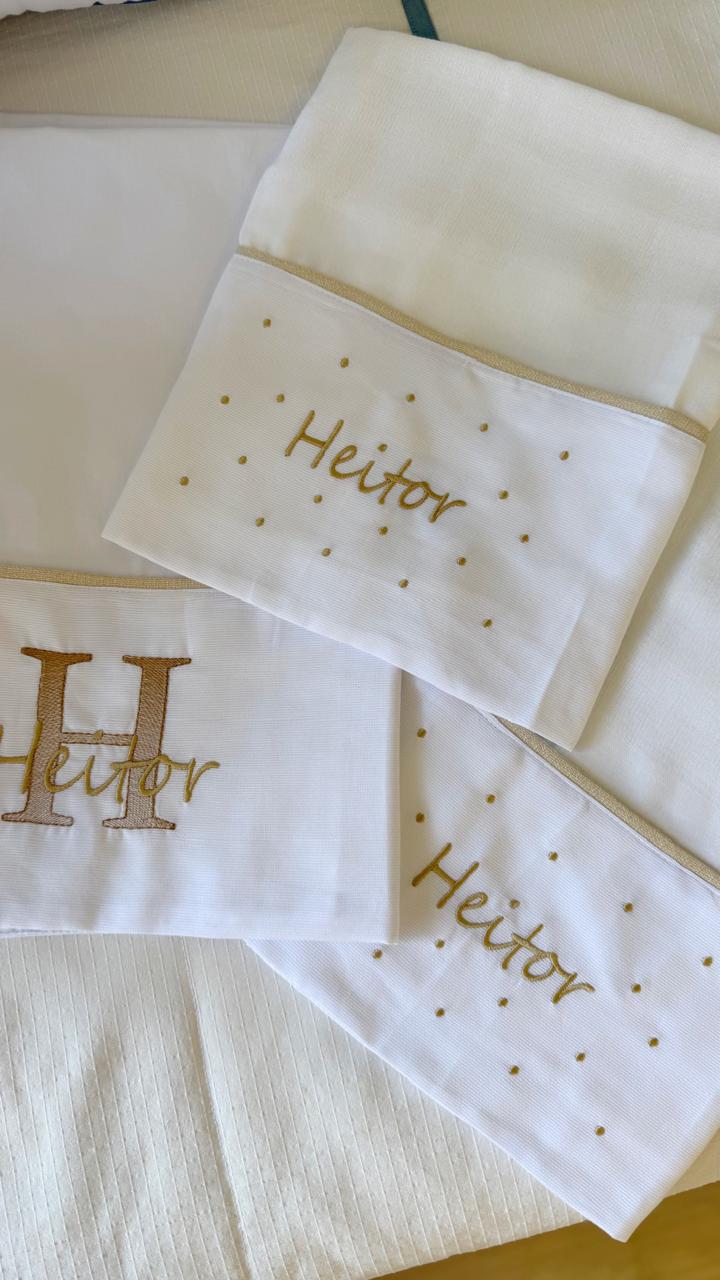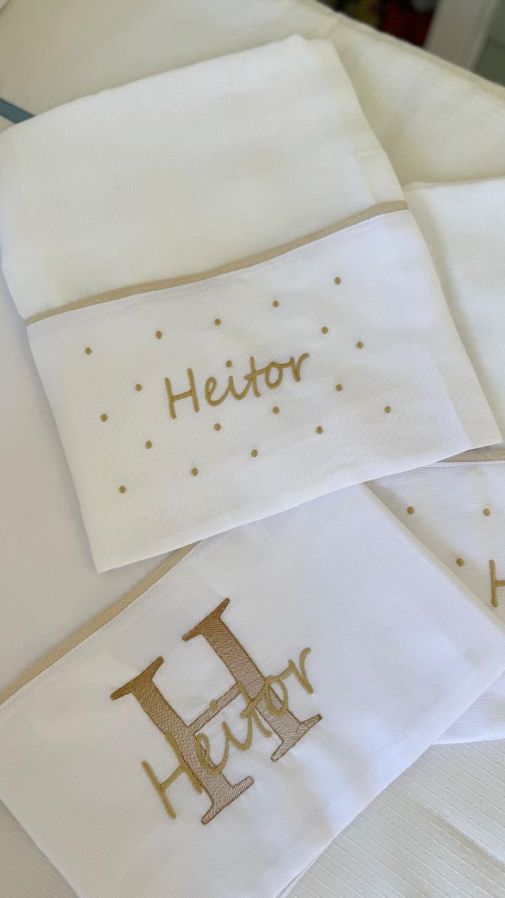 O nosso kit, feito de forma personalizada, acompanha 3 fraldas de ombro ( Cremer) , 1 cueiro ( percal 230 fios) , 1 toalha fralda ( cremer) e 1 saquinho organizador .
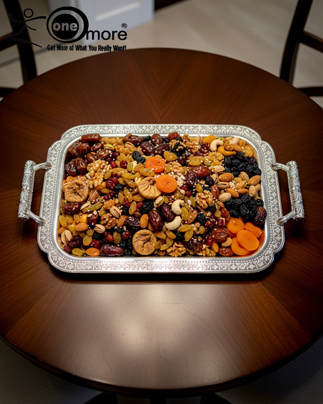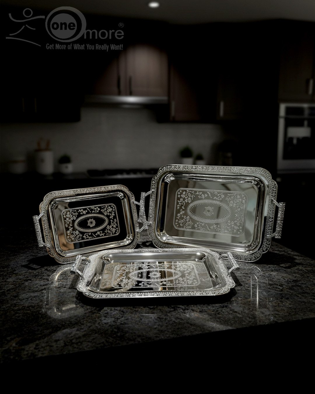Discover the detailed craftsmanship of the “One More” Decorative Serving Tray Collection. Each tray showcases a high-shine silver base with a contrasting gold-tone filigree design embossed right into the center, offering a truly royal aesthetic. The sturdy, ergonomic gold-tone handles are beautifully textured for a secure and luxurious grip. Use them to serve wine glasses, water, coffee, or as a striking display piece for nuts, dried fruits, or decorative items. This set is the ideal blend of traditional elegance and practical function for the modern home.
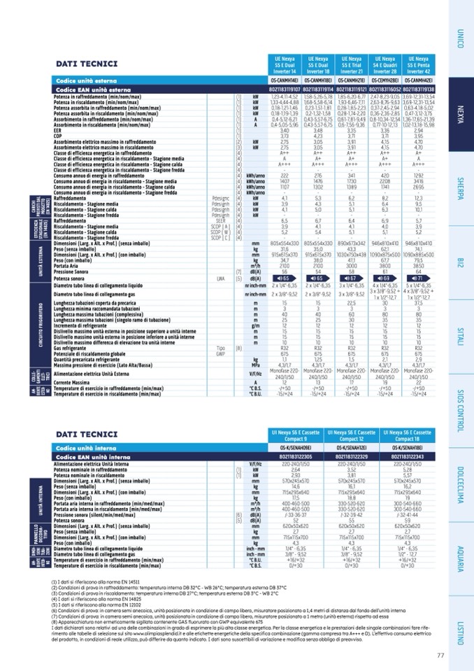 (3) Condizioni di prova in riscaldamento: temperatura interna DB 27°C; temperatura esterna DB 3°C - WB 2°
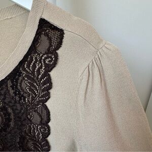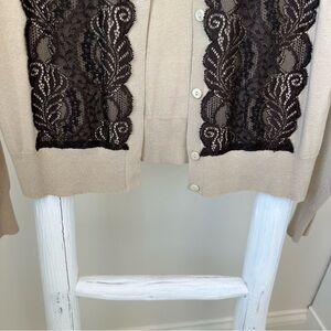 Talbots Collection Women’s Tan with Brown Lace Cardigan Sweater SZ Large
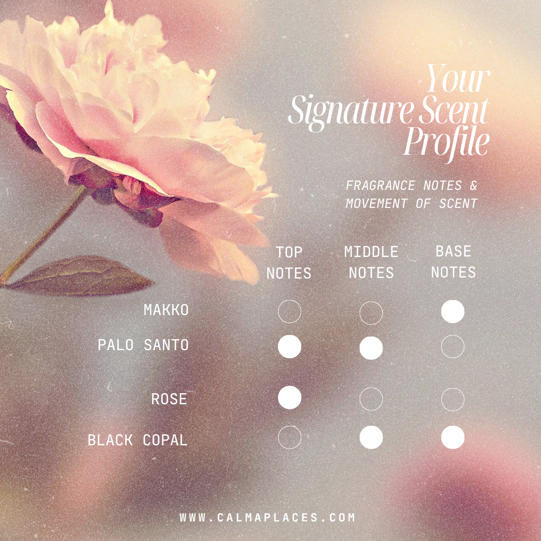 Soft floral heart notes from rose rise first, followed by warm wood and a gentle sweetness from sandalwood. Frankincense creates a clear, clean resin trail, and vetiver settles everything into a grounded earthy base. The overall scent is tender, warm, and steady.
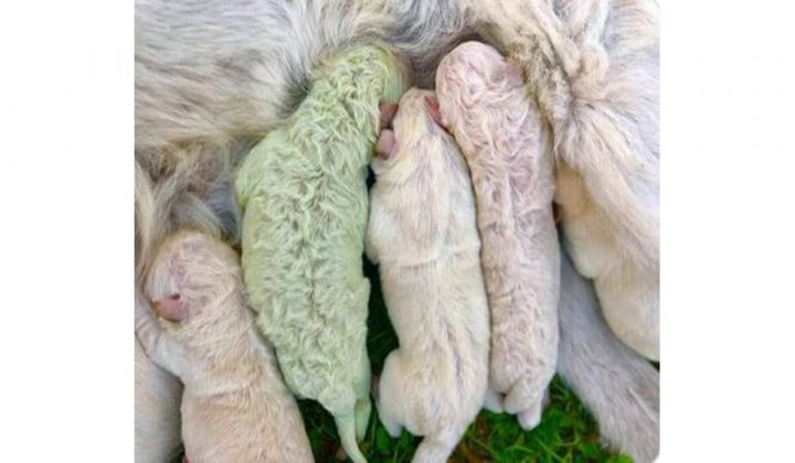 En Sardaigne (Italie), une chienne a donné naissance à cinq petit labradors le 9 octobre dernier. Seulement, l’un des chiots ne ressemble pas à ses frères et soeurs. Alors que les quatre bébés sont de couleur beige comme leur maman, l’un d’eux est né tout vert. Les propriétaires de l’animal n’en ont pas cru leurs yeux. « On aurait dit un chien extraterrestre » , ont confié les gérants de l’exploitation agricole à La Nuova Sardegna.
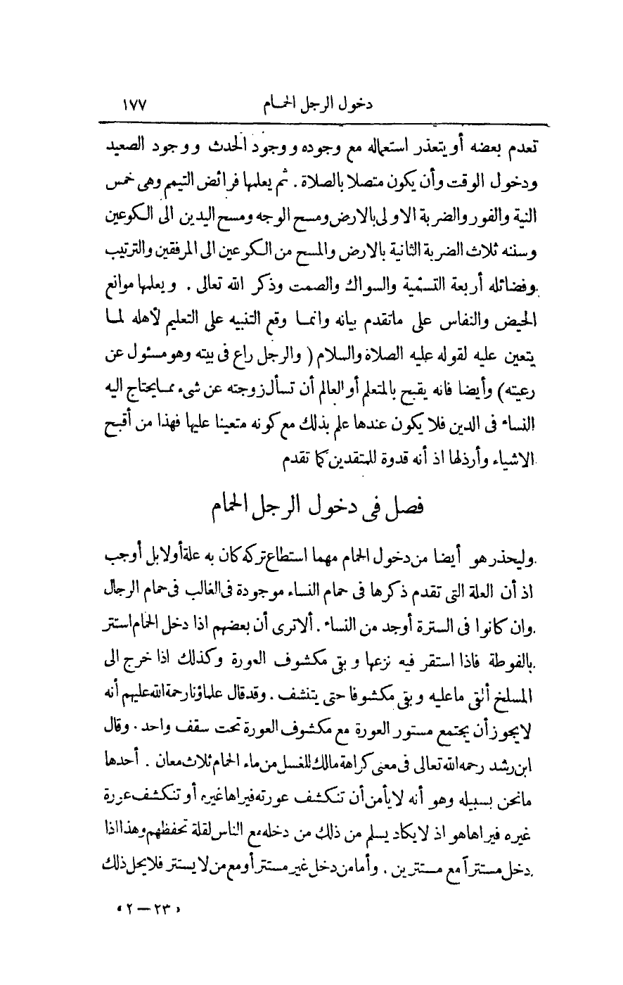 ، فَصْلٌ فِي دُخُولِ الرَّجُلِ الْحَمَّامَ وَلْيَحْذَرْ هُوَ أَيْضًا مِنْ دُخُولِ الْحَمَّامِ مَهْمَا اسْتَطَاعَ تَرْكَهُ، كَانَ بِهِ عِلَّةٌ أَوْ لَا، بَلْ أَوْجَبُ إذْ أَنَّ الْعِلَّةَ الَّتِي تَقَدَّمَ ذِكْرُهَا فِي حَمَّامِ النِّسَاءِ مَوْجُودَةٌ فِي الْغَالِبِ فِي حَمَّامِ الرِّجَالِ، وَإِنْ كَانُوا فِي السُّتْرَةِ أَوْجَدَ مِنْ النِّسَاءِ.
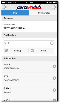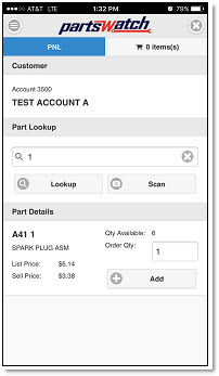 On the 'PNL' screen, tap the 'Scan' button to scan a bar code to look up a part or type in a part to look up. You can search for a part by part number, UPC, SKU, product, alias, or OEM number.
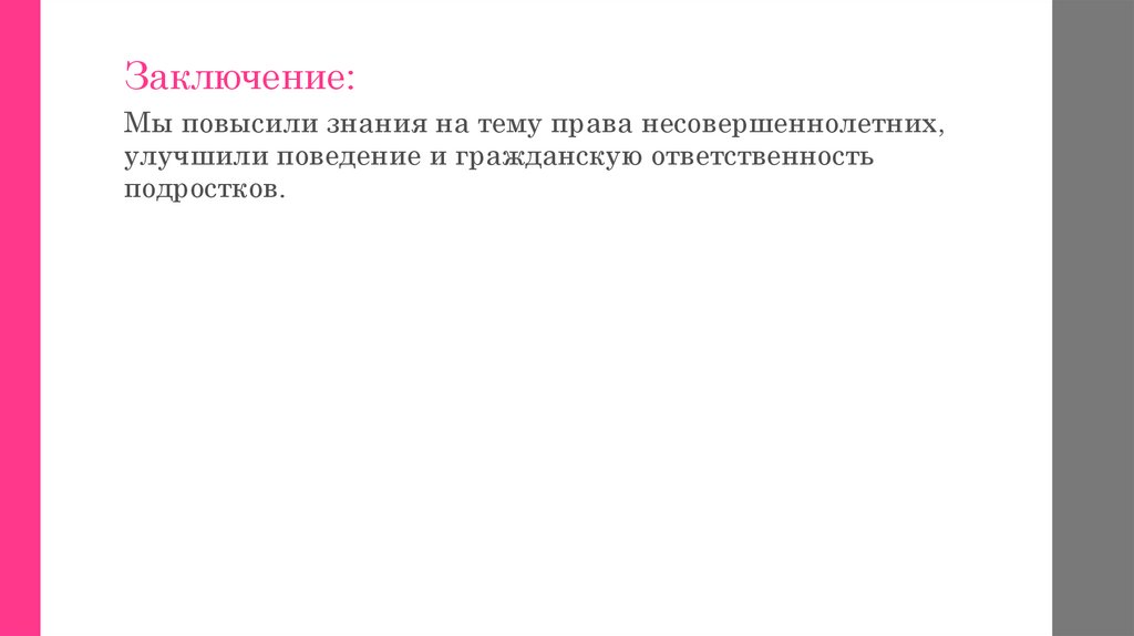 Заключение:Мы повысили знания на тему права несовершеннолетних,
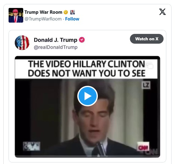 President Donald Trump on Saturday shared a video pushing a long-debunked conspiracy theories about Bill and Hillary Clinton – as well as other Democrats – being the murderous forces behind multiple deaths.

:: What this task involves ::
Without any pictures, please reproduce the full set of entries.

:: Task response ::
 O nosso kit, feito de forma personalizada, acompanha 3 fraldas de ombro ( Cremer) , 1 cueiro ( percal 230 fios) , 1 toalha fralda ( cremer) e 1 saquinho organizador .
Discover the detailed craftsmanship of the “One More” Decorative Serving Tray Collection. Each tray showcases a high-shine silver base with a contrasting gold-tone filigree design embossed right into the center, offering a truly royal aesthetic. The sturdy, ergonomic gold-tone handles are beautifully textured for a secure and luxurious grip. Use them to serve wine glasses, water, coffee, or as a striking display piece for nuts, dried fruits, or decorative items. This set is the ideal blend of traditional elegance and practical function for the modern home.
 (3) Condizioni di prova in riscaldamento: temperatura interna DB 27°C; temperatura esterna DB 3°C - WB 2°
 Talbots Collection Women’s Tan with Brown Lace Cardigan Sweater SZ Large
 Soft floral heart notes from rose rise first, followed by warm wood and a gentle sweetness from sandalwood. Frankincense creates a clear, clean resin trail, and vetiver settles everything into a grounded earthy base. The overall scent is tender, warm, and steady.
 En Sardaigne (Italie), une chienne a donné naissance à cinq petit labradors le 9 octobre dernier. Seulement, l’un des chiots ne ressemble pas à ses frères et soeurs. Alors que les quatre bébés sont de couleur beige comme leur maman, l’un d’eux est né tout vert. Les propriétaires de l’animal n’en ont pas cru leurs yeux. « On aurait dit un chien extraterrestre » , ont confié les gérants de l’exploitation agricole à La Nuova Sardegna.
 ، فَصْلٌ فِي دُخُولِ الرَّجُلِ الْحَمَّامَ وَلْيَحْذَرْ هُوَ أَيْضًا مِنْ دُخُولِ الْحَمَّامِ مَهْمَا اسْتَطَاعَ تَرْكَهُ، كَانَ بِهِ عِلَّةٌ أَوْ لَا، بَلْ أَوْجَبُ إذْ أَنَّ الْعِلَّةَ الَّتِي تَقَدَّمَ ذِكْرُهَا فِي حَمَّامِ النِّسَاءِ مَوْجُودَةٌ فِي الْغَالِبِ فِي حَمَّامِ الرِّجَالِ، وَإِنْ كَانُوا فِي السُّتْرَةِ أَوْجَدَ مِنْ النِّسَاءِ.
 On the 'PNL' screen, tap the 'Scan' button to scan a bar code to look up a part or type in a part to look up. You can search for a part by part number, UPC, SKU, product, alias, or OEM number.
 Заключение:Мы повысили знания на тему права несовершеннолетних,
 President Donald Trump on Saturday shared a video pushing a long-debunked conspiracy theories about Bill and Hillary Clinton – as well as other Democrats – being the murderous forces behind multiple deaths.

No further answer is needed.